### WHAT IS REQUIRED
Output the full listing below exactly; the images stay out.

### AVAILABLE DATA
***

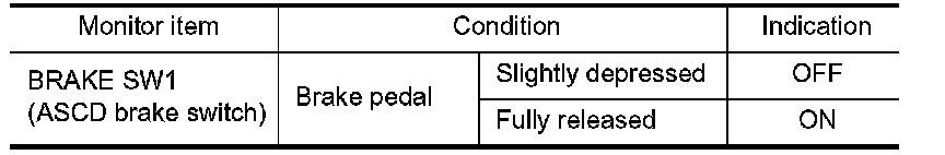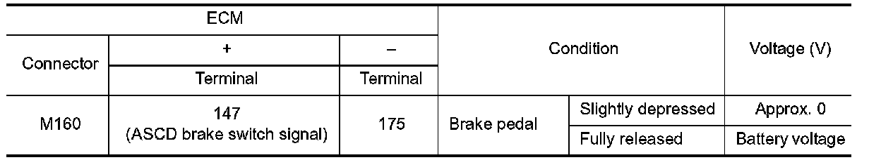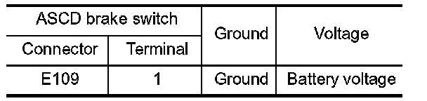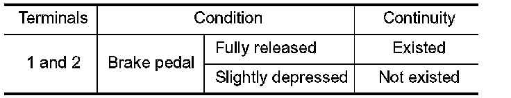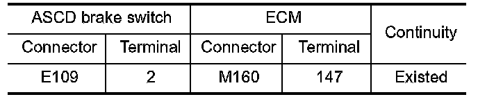 2. Check the continuity between ASCD brake switch terminals under the following conditions.
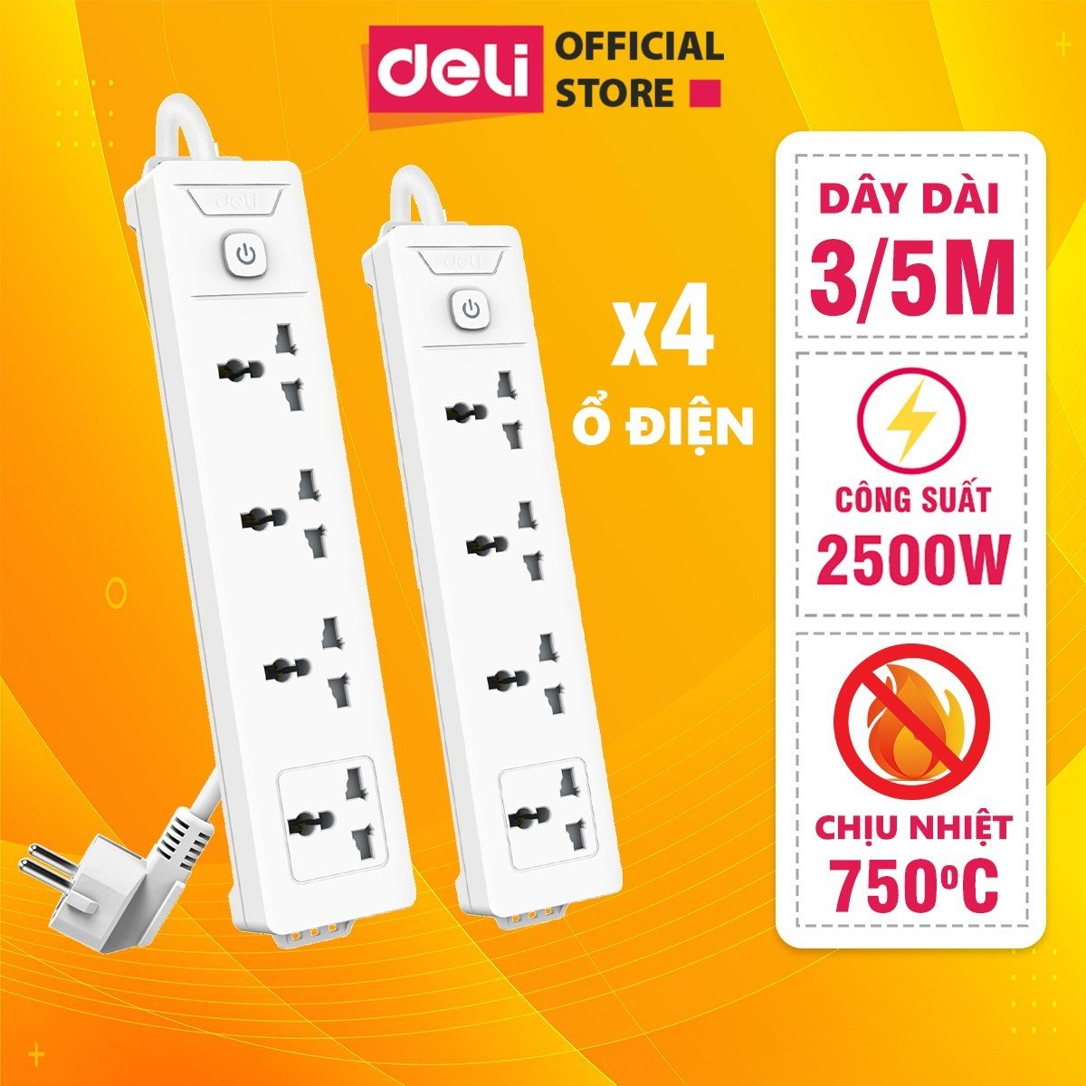 Ổ Cắm Điện Đa Năng Có Công Tắc Nguồn 3/4/6 Ổ , 3/5M Dây Chống Giật Chống Cháy Chất Lượng Cao Deli - Hàng Chính Hãng - ET401 - 406
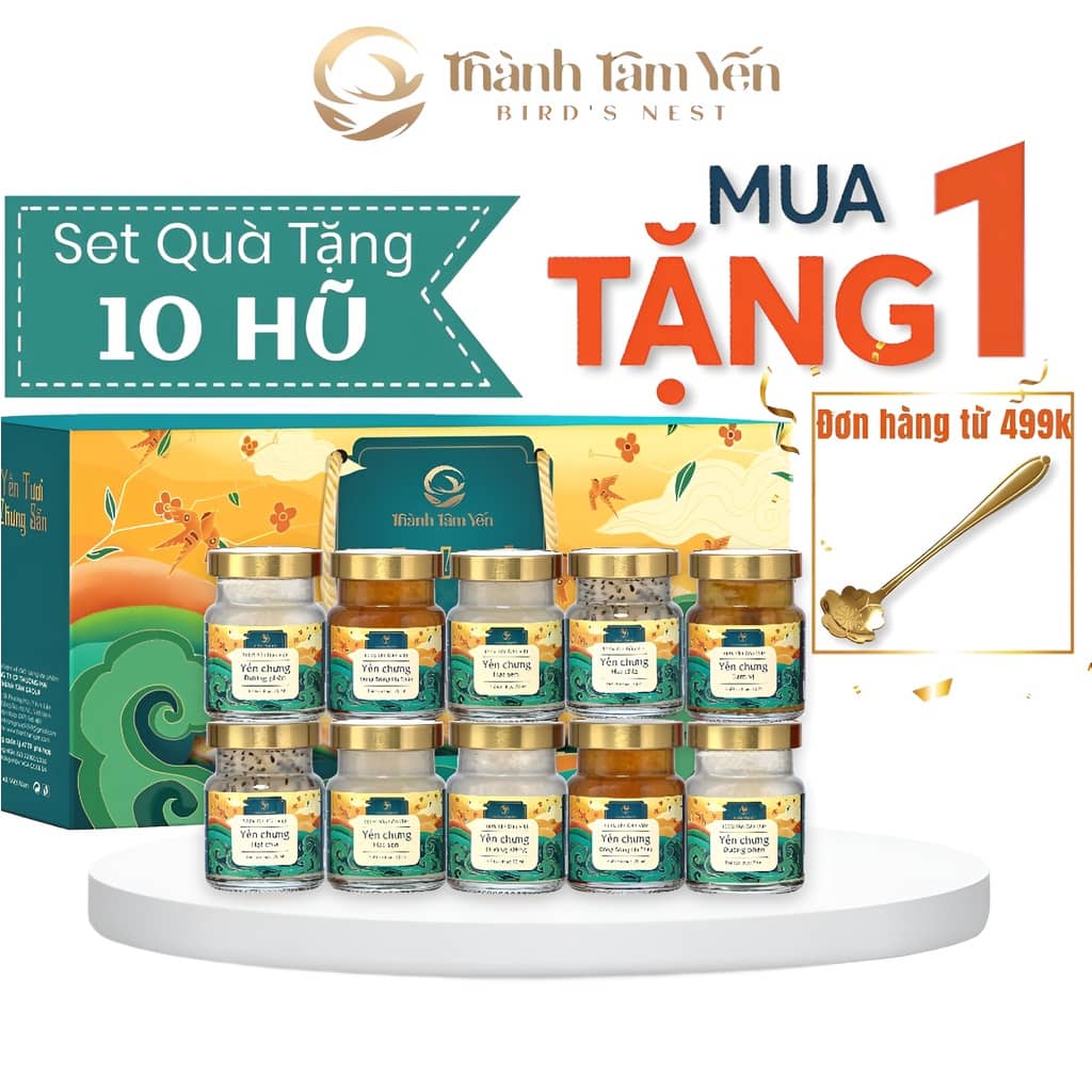 - Hộp quà 10 hũ Yến chưng sẵn đủ vị Thành Tâm Yến

***

### WRITTEN ANSWER
 2. Check the continuity between ASCD brake switch terminals under the following conditions.
 Ổ Cắm Điện Đa Năng Có Công Tắc Nguồn 3/4/6 Ổ , 3/5M Dây Chống Giật Chống Cháy Chất Lượng Cao Deli - Hàng Chính Hãng - ET401 - 406
 - Hộp quà 10 hũ Yến chưng sẵn đủ vị Thành Tâm Yến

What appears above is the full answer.